— GIVEN DATA —
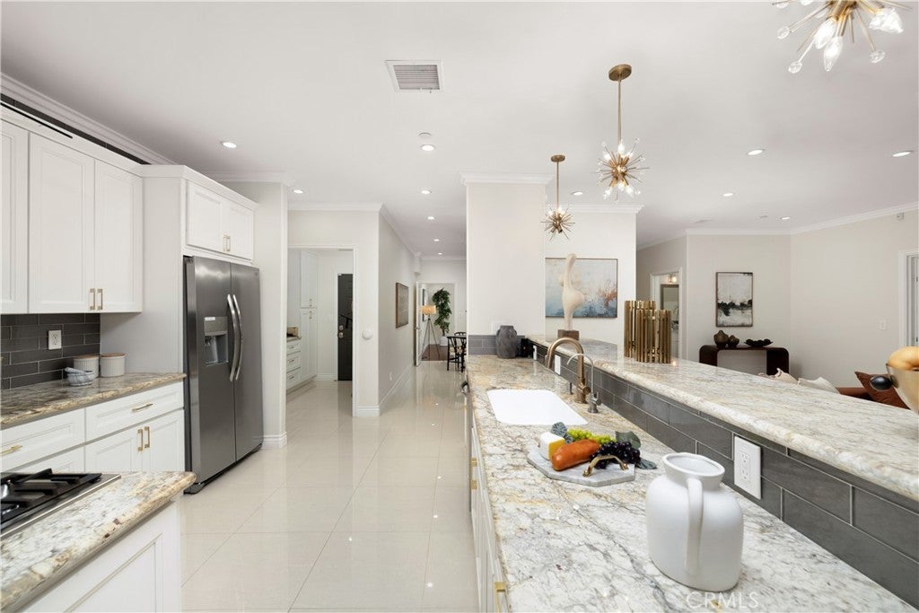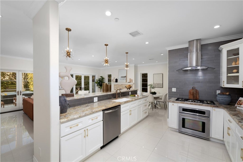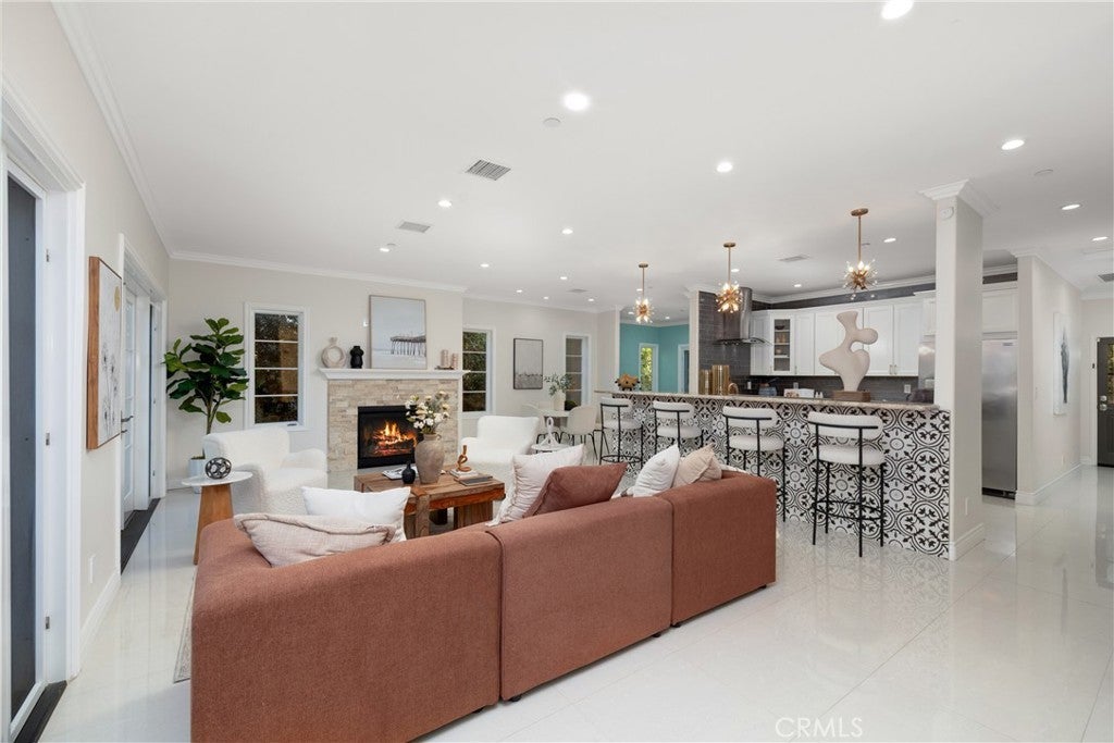 Set along a picturesque, tree-lined street in Arcadia’s coveted Lower Rancho / Hugo Reid neighborhood, this beautifully rebuilt custom residence offers the perfect blend of refined elegance, modern comfort, and exceptional livability, served by the highly acclaimed Arcadia Unified School District. From the moment you arrive, the home makes a lasting impression. A grand entry foyer welcomes you with soaring ceilings, gleaming floors, and a striking chandelier that sets the tone for the sophisticated design found throughout. Thoughtfully crafted for both everyday living and effortless entertaining, the formal living and dining spaces are filled with natural light and anchored by an eye-catching fireplace, creating an inviting yet polished atmosphere. At the heart of the home is a contemporary chef’s kitchen that seamlessly connects to the family room. Outfitted with stainless steel appliances, granite countertops, a generous breakfast bar, and a butler’s pantry, this space is as functional as it is stylish, ideal for hosting gatherings or enjoying quiet mornings at home. The flexible floor plan includes a first-floor bedroom with a full bath, perfect for guests, extended family, or a private home office. Upstairs, the luxurious primary suite serves as a true retreat, featuring a spacious walk-in closet and a spa-like ensuite with dual vanities. Two additional junior suites, each with their own bathrooms and walk-in closets, provide comfort and privacy for family or guests. A conveniently located upstairs laundry room adds everyday ease. French doors open to a beautifully landscaped backyard designed for low maintenance and high enjoyment. Whether entertaining or unwinding, the outdoor space delivers with a tiled patio, lush greenery, and a fully equipped outdoor kitchen complete with BBQ and bar seating, perfect for al fresco dining and relaxing under the Arcadia skies. Additional highlights include central air conditioning, an oversized two-car garage, and a generous lot that enhances the home’s sense of space and privacy. Ideally located just minutes from Santa Anita Park, Westfield Santa Anita, the Los Angeles County Arboretum, Hugo Reid Park, and major shopping and dining destinations, with easy access to the 210 Freeway. Impeccably maintained and truly turnkey, this exceptional home offers a rare opportunity to enjoy luxury living in one of Arcadia’s most sought-after neighborhoods.
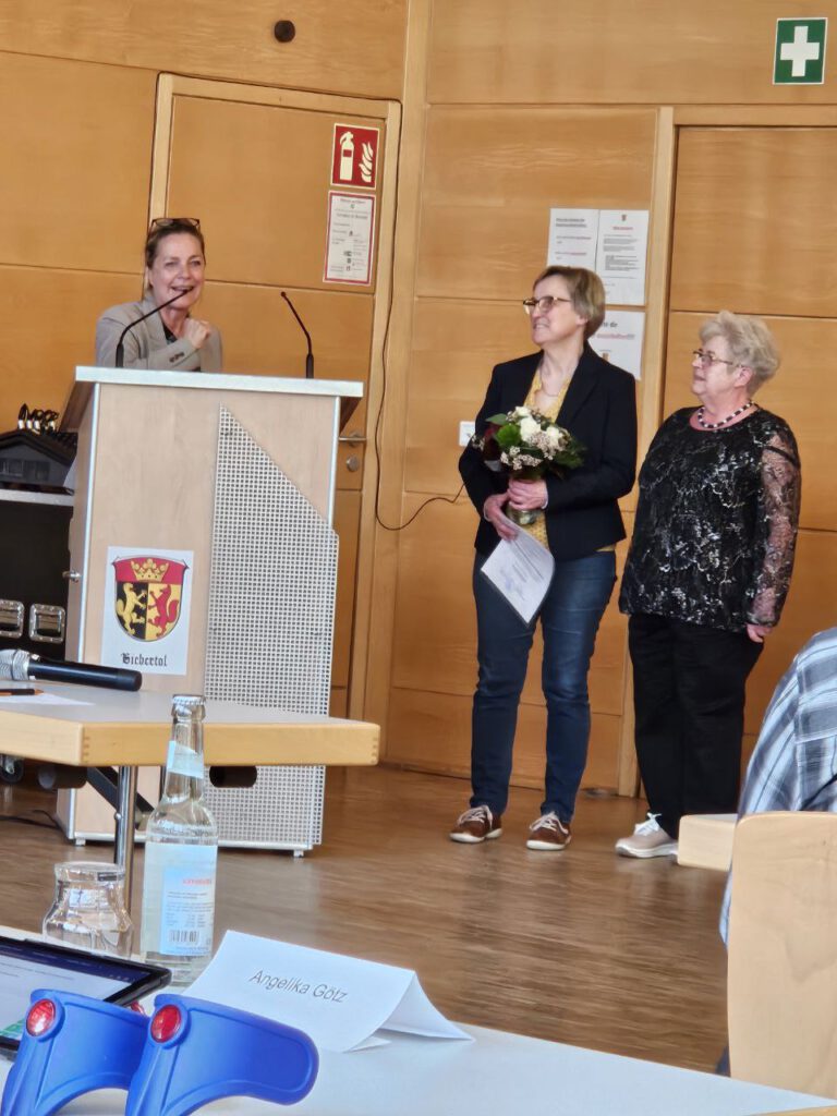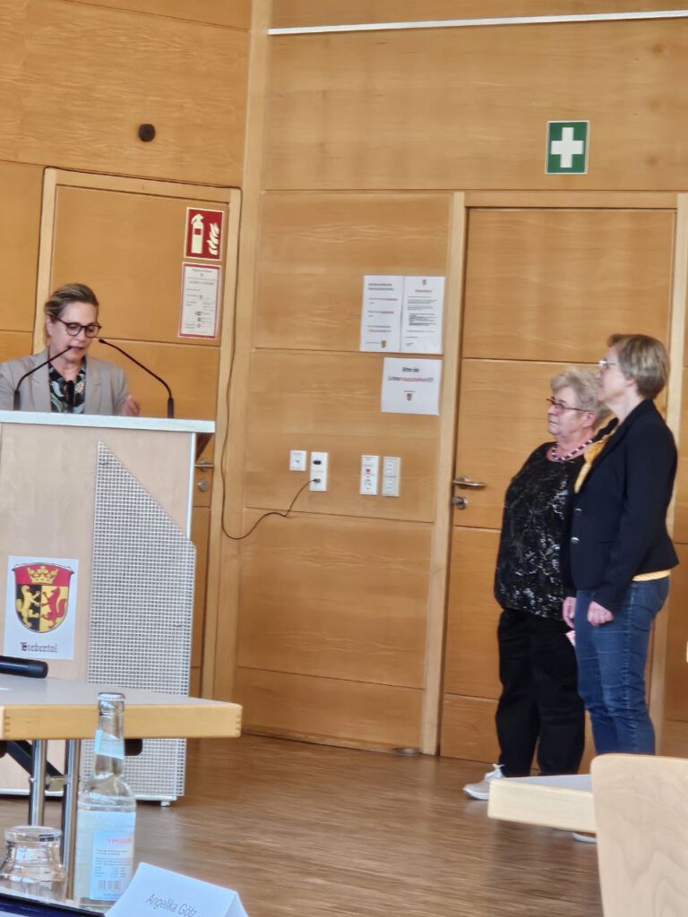 Nachdem die Gemeindevertreter/innen der Verleihung dieser Ehrenbezeichnung einstimmig zugestimmt hatten, hielt Frau Ortmann die Laudatio und würdigte das Schaffen von Frau Sonneborn in der Gemeindevertretung Biebertals sowie im Ortsbeirat Königsberg und weiteres ehrenamtliches Engagement im Geimeinsinn. Frau Lepper gratulierte als Vorsitzende der Gemeindevertretung; die Abgeordneten applaudierten.
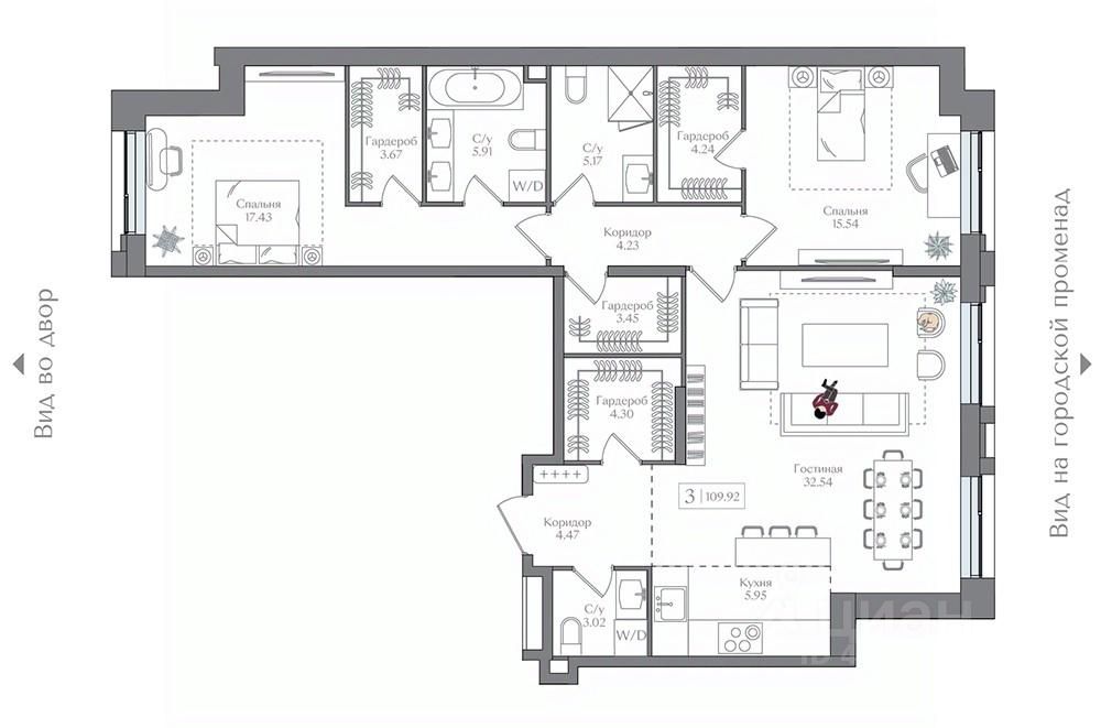 Продаётся 2-комнатная квартира в сданном доме (Корпус 3 (I очередь)), срок сдачи: II-кв. 2025, общей площадью 109.92 кв.м., на 3 этаже. Жилой комплекс с подземной автостоянкой, отдельно стоящими ДОУ, БНК (учебный корпус) и многофункциональным центром.
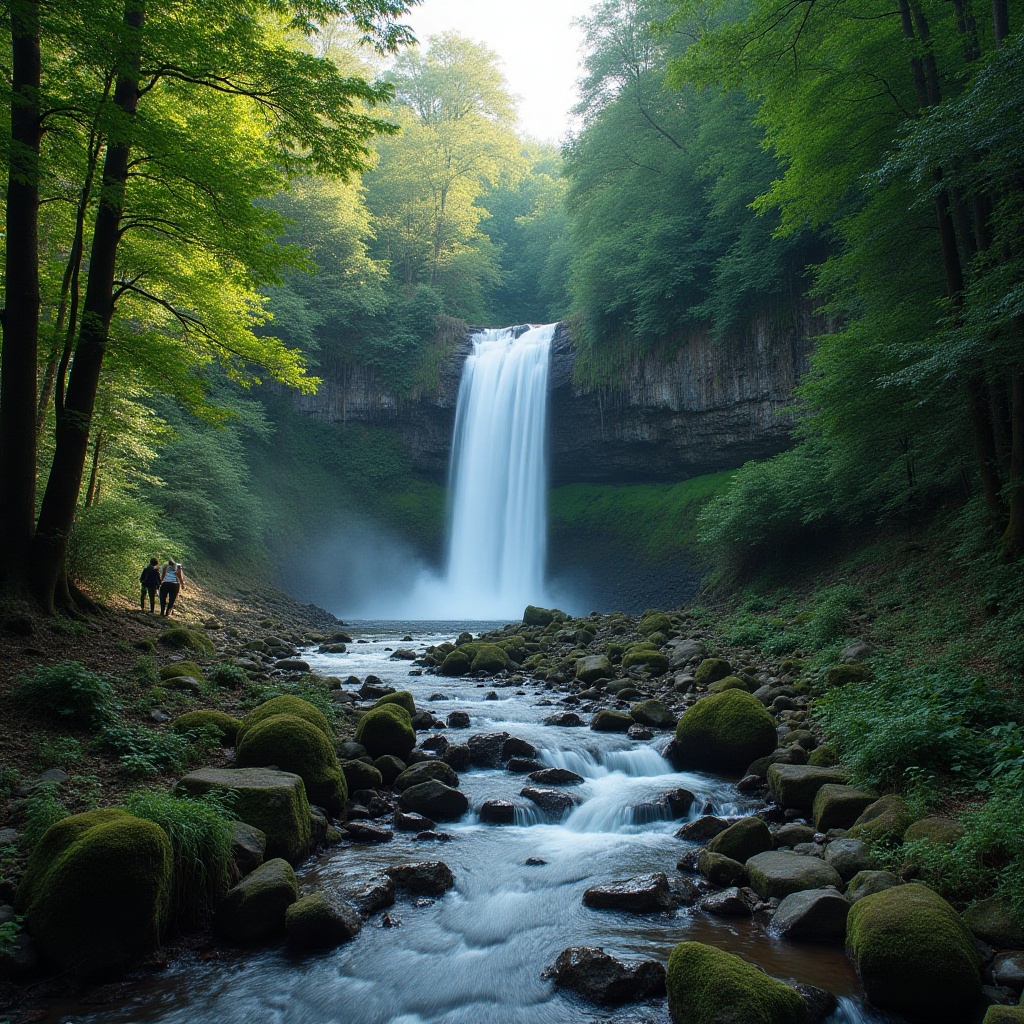 Two hikers enjoy the breathtaking view of a waterfall cascading into a serene river amidst vibrant green trees at dawn.
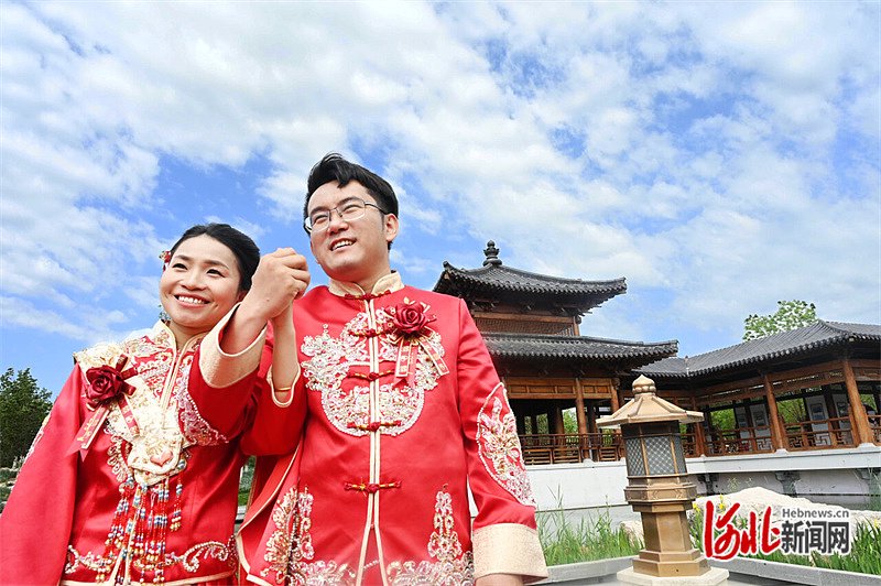 4月27日,“雄安 我爱TA”主题集体婚礼在雄安新区悦容公园举办。25对新人身着中式传统礼服,在未来之城共许爱的承诺。

— PROMPT —
Transcribe each record exactly as it stands, setting aside any pictures.

— ANSWER BOX —
 Set along a picturesque, tree-lined street in Arcadia’s coveted Lower Rancho / Hugo Reid neighborhood, this beautifully rebuilt custom residence offers the perfect blend of refined elegance, modern comfort, and exceptional livability, served by the highly acclaimed Arcadia Unified School District. From the moment you arrive, the home makes a lasting impression. A grand entry foyer welcomes you with soaring ceilings, gleaming floors, and a striking chandelier that sets the tone for the sophisticated design found throughout. Thoughtfully crafted for both everyday living and effortless entertaining, the formal living and dining spaces are filled with natural light and anchored by an eye-catching fireplace, creating an inviting yet polished atmosphere. At the heart of the home is a contemporary chef’s kitchen that seamlessly connects to the family room. Outfitted with stainless steel appliances, granite countertops, a generous breakfast bar, and a butler’s pantry, this space is as functional as it is stylish, ideal for hosting gatherings or enjoying quiet mornings at home. The flexible floor plan includes a first-floor bedroom with a full bath, perfect for guests, extended family, or a private home office. Upstairs, the luxurious primary suite serves as a true retreat, featuring a spacious walk-in closet and a spa-like ensuite with dual vanities. Two additional junior suites, each with their own bathrooms and walk-in closets, provide comfort and privacy for family or guests. A conveniently located upstairs laundry room adds everyday ease. French doors open to a beautifully landscaped backyard designed for low maintenance and high enjoyment. Whether entertaining or unwinding, the outdoor space delivers with a tiled patio, lush greenery, and a fully equipped outdoor kitchen complete with BBQ and bar seating, perfect for al fresco dining and relaxing under the Arcadia skies. Additional highlights include central air conditioning, an oversized two-car garage, and a generous lot that enhances the home’s sense of space and privacy. Ideally located just minutes from Santa Anita Park, Westfield Santa Anita, the Los Angeles County Arboretum, Hugo Reid Park, and major shopping and dining destinations, with easy access to the 210 Freeway. Impeccably maintained and truly turnkey, this exceptional home offers a rare opportunity to enjoy luxury living in one of Arcadia’s most sought-after neighborhoods.
 Nachdem die Gemeindevertreter/innen der Verleihung dieser Ehrenbezeichnung einstimmig zugestimmt hatten, hielt Frau Ortmann die Laudatio und würdigte das Schaffen von Frau Sonneborn in der Gemeindevertretung Biebertals sowie im Ortsbeirat Königsberg und weiteres ehrenamtliches Engagement im Geimeinsinn. Frau Lepper gratulierte als Vorsitzende der Gemeindevertretung; die Abgeordneten applaudierten.
 Продаётся 2-комнатная квартира в сданном доме (Корпус 3 (I очередь)), срок сдачи: II-кв. 2025, общей площадью 109.92 кв.м., на 3 этаже. Жилой комплекс с подземной автостоянкой, отдельно стоящими ДОУ, БНК (учебный корпус) и многофункциональным центром.
 Two hikers enjoy the breathtaking view of a waterfall cascading into a serene river amidst vibrant green trees at dawn.
 4月27日,“雄安 我爱TA”主题集体婚礼在雄安新区悦容公园举办。25对新人身着中式传统礼服,在未来之城共许爱的承诺。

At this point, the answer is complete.